Jonathan était abasourdi. Comment pouvait-elle être autant attachée à ce démon ?

L'adolescent grinça des dents. Il ne pouvait pas comprendre cet amour insensé et aveugle.

« Je suis désolé, Tante Mary, mais je ne regrette pas de l'avoir envoyée en enfer. »

Il faussa ensuite compagnie à sa tante, affligée par les évènements.

Quelques dizaines de secondes plus tard, Mary entendit des bruits dérangeants. On aurait dit des fracas d'objets.

Elle se précipita vers l'origine du brouhaha et aperçut Jonathan, dans la chambre d'Eva, en train de détruire tout ce qui s'y trouvait.

Table de bureau, armoires, chaise, vêtements, il ravageait tout, tel un cyclone.

« Mais arrête, enfin !! intervint Mary, dont la voix était à peine audible. Tu déranges tout le voisinage !!

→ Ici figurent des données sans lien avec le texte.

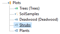 This feature may be interesting when you want to set the order in which data is collected. For example, a field worker should first assign data to map layers (Trees, Soil samples and Deadwood) and then to data layers (Shrubs and Plants). In such case you will move the “Shrubs” layer just above “Plants” as demonstrated below. The layer order is conveyed to Field-Map Data Collector tab order (see the example below). before:

— Écoute. Tu dois avoir une bonne idée de ce que je ressens, là, maintenant. J'aurais pu boire ou fumer pour oublier, mais c'est ça que j'ai choisi pour me défouler. Alors, ne t'en mêle pas !!! » hurla-t-il de rage, avant de se mettre à démolir le lit de la fille qui l'avait mis dans cet état.

Mary n'insista pas et le laissa faire. Elle n'était pas habituée à ce que Jonathan lui parle ainsi. Alors, ça signifiait que ce qu'il ressentait était vraiment grave.

Le fou furieux s'en prit ensuite aux peluches de la défunte. Il les déchirait une à une, jusqu'à tomber sur l'une d'entre elles, qui lorsqu'elle se fendit, dévoila un carnet précieusement caché à l'intérieur.

Sans réfléchir, Jonathan saisit l'objet dissimulé et voulut lui arracher toutes ses feuilles. Il se fit cependant interrompre par Mary :

« Attends ! Ne le déchire pas sans l'avoir lu !

— Qu'est-ce que j'en ai à faire, de ses notes ?!

— S'il était caché à l'intérieur d'une peluche, c'est qu'il contient sûrement des informations importantes.

— Je ne veux rien savoir d'elle, tu m'entends ?! Rien !!!

— Détruis tout ce que tu veux, cependant, donne-moi d'abord cet objet.

— Mais...

— C'est un ordre », dit-elle calmement, mais d'un ton autoritaire

Il avait beau ressentir toutes les émotions du monde, Jonathan n'était pas un adolescent désobéissant. À contrecœur, mais sans contester, il remit le bloc-notes à sa tante, avant de continuer son carnage. Il pensait que Mary voulait désespérément s'accrocher à un souvenir futile.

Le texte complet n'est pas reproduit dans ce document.